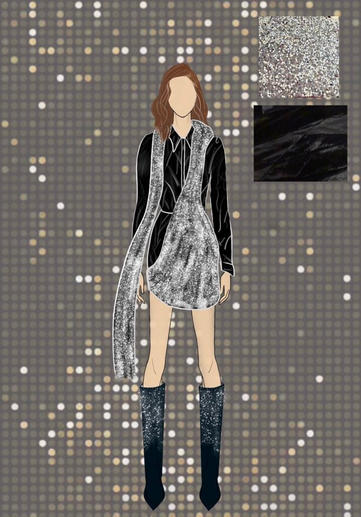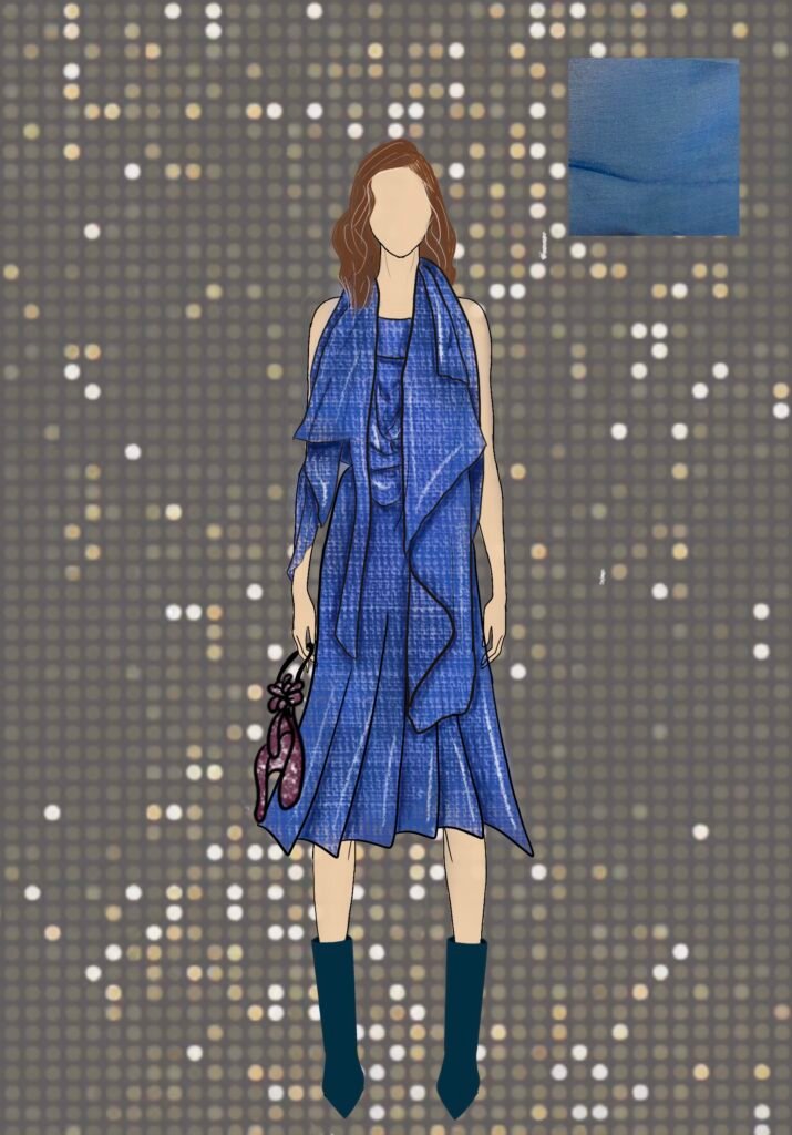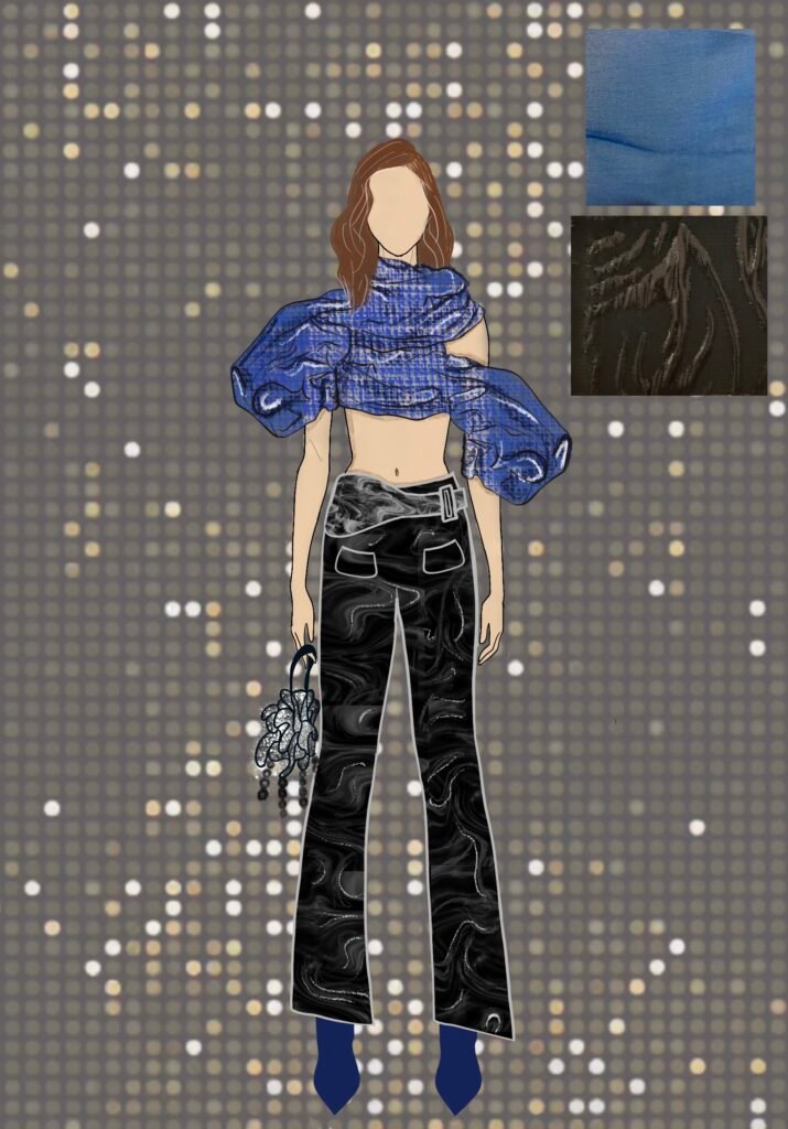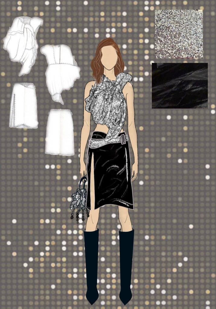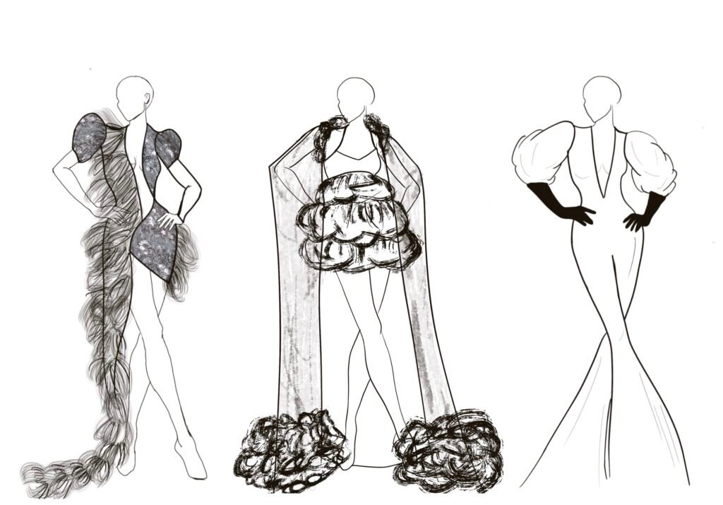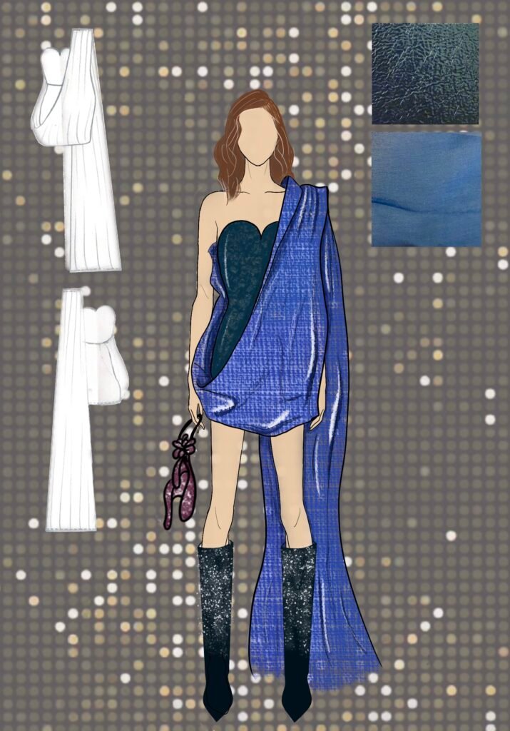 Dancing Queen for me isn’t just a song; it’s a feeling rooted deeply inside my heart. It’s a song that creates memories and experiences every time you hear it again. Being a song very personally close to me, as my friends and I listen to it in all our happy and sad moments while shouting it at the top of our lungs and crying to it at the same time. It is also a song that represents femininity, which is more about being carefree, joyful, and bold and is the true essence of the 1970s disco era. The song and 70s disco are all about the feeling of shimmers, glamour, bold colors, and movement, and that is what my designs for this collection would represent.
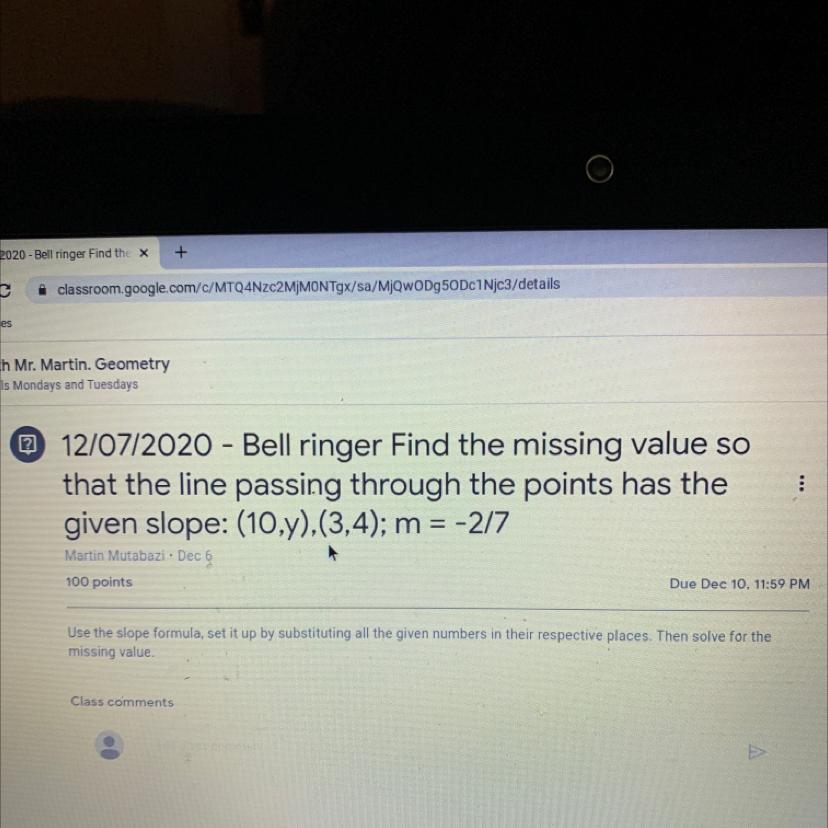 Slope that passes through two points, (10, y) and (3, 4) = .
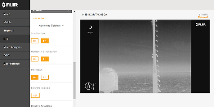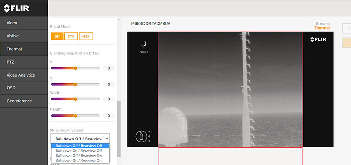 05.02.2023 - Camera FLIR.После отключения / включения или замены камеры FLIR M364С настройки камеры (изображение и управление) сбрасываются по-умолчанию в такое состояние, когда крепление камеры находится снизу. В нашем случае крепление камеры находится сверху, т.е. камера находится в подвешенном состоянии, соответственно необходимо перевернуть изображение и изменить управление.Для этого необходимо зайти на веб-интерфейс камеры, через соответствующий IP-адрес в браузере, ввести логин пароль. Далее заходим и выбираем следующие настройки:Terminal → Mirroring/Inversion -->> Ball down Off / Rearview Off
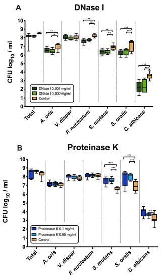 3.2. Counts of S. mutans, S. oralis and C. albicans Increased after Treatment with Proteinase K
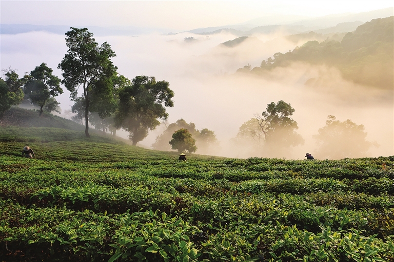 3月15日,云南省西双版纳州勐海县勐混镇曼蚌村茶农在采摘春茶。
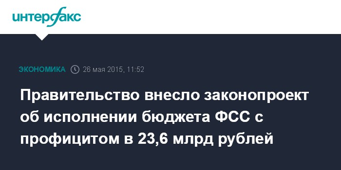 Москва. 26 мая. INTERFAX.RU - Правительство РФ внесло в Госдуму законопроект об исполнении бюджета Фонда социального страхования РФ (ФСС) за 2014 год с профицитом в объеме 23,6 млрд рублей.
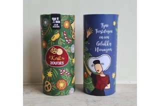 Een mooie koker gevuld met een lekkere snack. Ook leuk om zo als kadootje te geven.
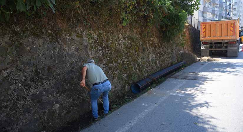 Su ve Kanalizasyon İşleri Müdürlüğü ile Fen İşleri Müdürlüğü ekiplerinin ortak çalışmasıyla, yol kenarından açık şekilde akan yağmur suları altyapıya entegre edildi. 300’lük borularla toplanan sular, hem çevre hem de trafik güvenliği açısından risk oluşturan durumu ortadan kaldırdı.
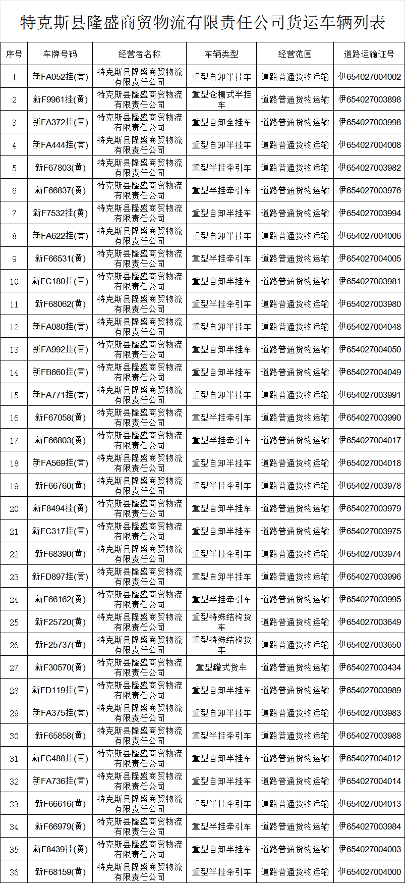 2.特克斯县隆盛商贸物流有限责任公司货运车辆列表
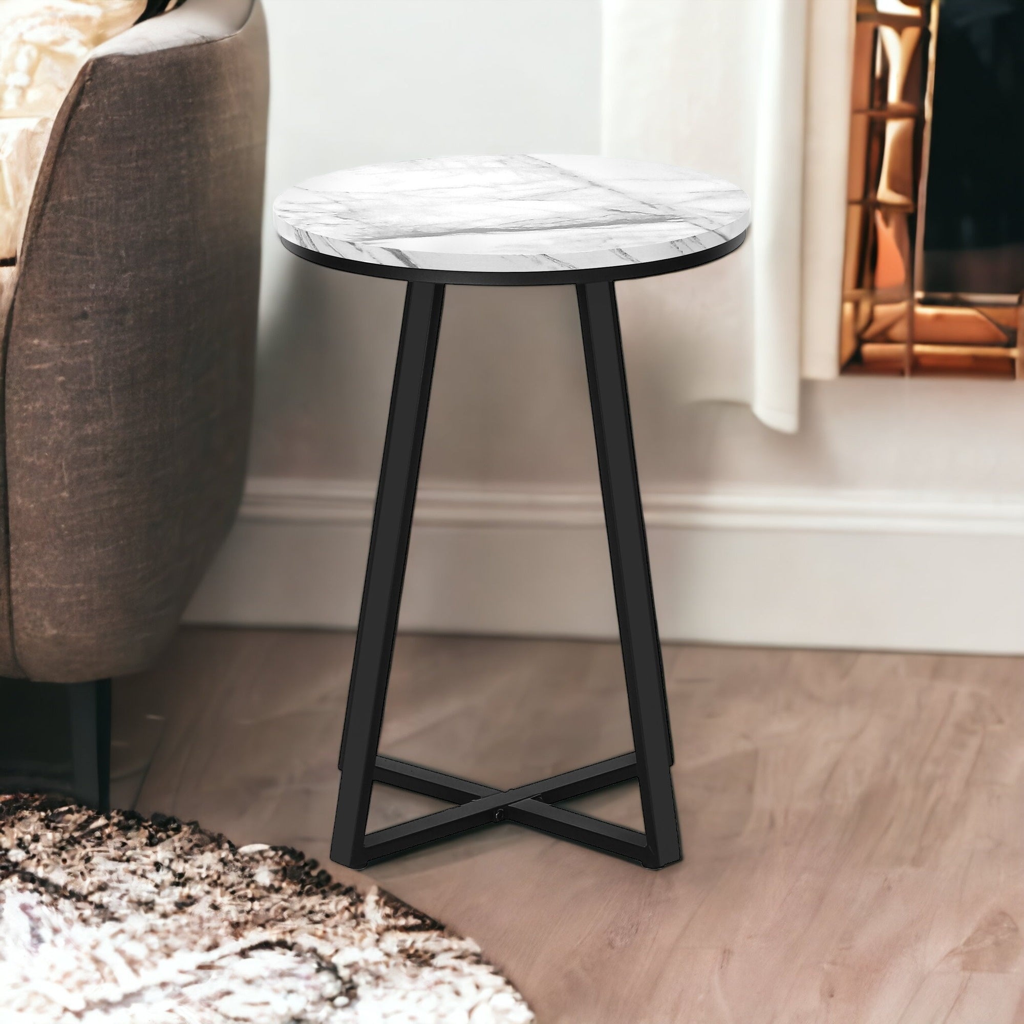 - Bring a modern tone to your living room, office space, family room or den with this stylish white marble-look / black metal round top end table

> **YOUR ASSIGNMENT**
Each record above is to be copied out exactly; its pictures are not.

> **EXERCISE RESULT**
 Dancing Queen for me isn’t just a song; it’s a feeling rooted deeply inside my heart. It’s a song that creates memories and experiences every time you hear it again. Being a song very personally close to me, as my friends and I listen to it in all our happy and sad moments while shouting it at the top of our lungs and crying to it at the same time. It is also a song that represents femininity, which is more about being carefree, joyful, and bold and is the true essence of the 1970s disco era. The song and 70s disco are all about the feeling of shimmers, glamour, bold colors, and movement, and that is what my designs for this collection would represent.
 Slope that passes through two points, (10, y) and (3, 4) = .
 05.02.2023 - Camera FLIR.После отключения / включения или замены камеры FLIR M364С настройки камеры (изображение и управление) сбрасываются по-умолчанию в такое состояние, когда крепление камеры находится снизу. В нашем случае крепление камеры находится сверху, т.е. камера находится в подвешенном состоянии, соответственно необходимо перевернуть изображение и изменить управление.Для этого необходимо зайти на веб-интерфейс камеры, через соответствующий IP-адрес в браузере, ввести логин пароль. Далее заходим и выбираем следующие настройки:Terminal → Mirroring/Inversion -->> Ball down Off / Rearview Off
 3.2. Counts of S. mutans, S. oralis and C. albicans Increased after Treatment with Proteinase K
 3月15日,云南省西双版纳州勐海县勐混镇曼蚌村茶农在采摘春茶。
 Москва. 26 мая. INTERFAX.RU - Правительство РФ внесло в Госдуму законопроект об исполнении бюджета Фонда социального страхования РФ (ФСС) за 2014 год с профицитом в объеме 23,6 млрд рублей.
 Een mooie koker gevuld met een lekkere snack. Ook leuk om zo als kadootje te geven.
 Su ve Kanalizasyon İşleri Müdürlüğü ile Fen İşleri Müdürlüğü ekiplerinin ortak çalışmasıyla, yol kenarından açık şekilde akan yağmur suları altyapıya entegre edildi. 300’lük borularla toplanan sular, hem çevre hem de trafik güvenliği açısından risk oluşturan durumu ortadan kaldırdı.
 2.特克斯县隆盛商贸物流有限责任公司货运车辆列表
 - Bring a modern tone to your living room, office space, family room or den with this stylish white marble-look / black metal round top end table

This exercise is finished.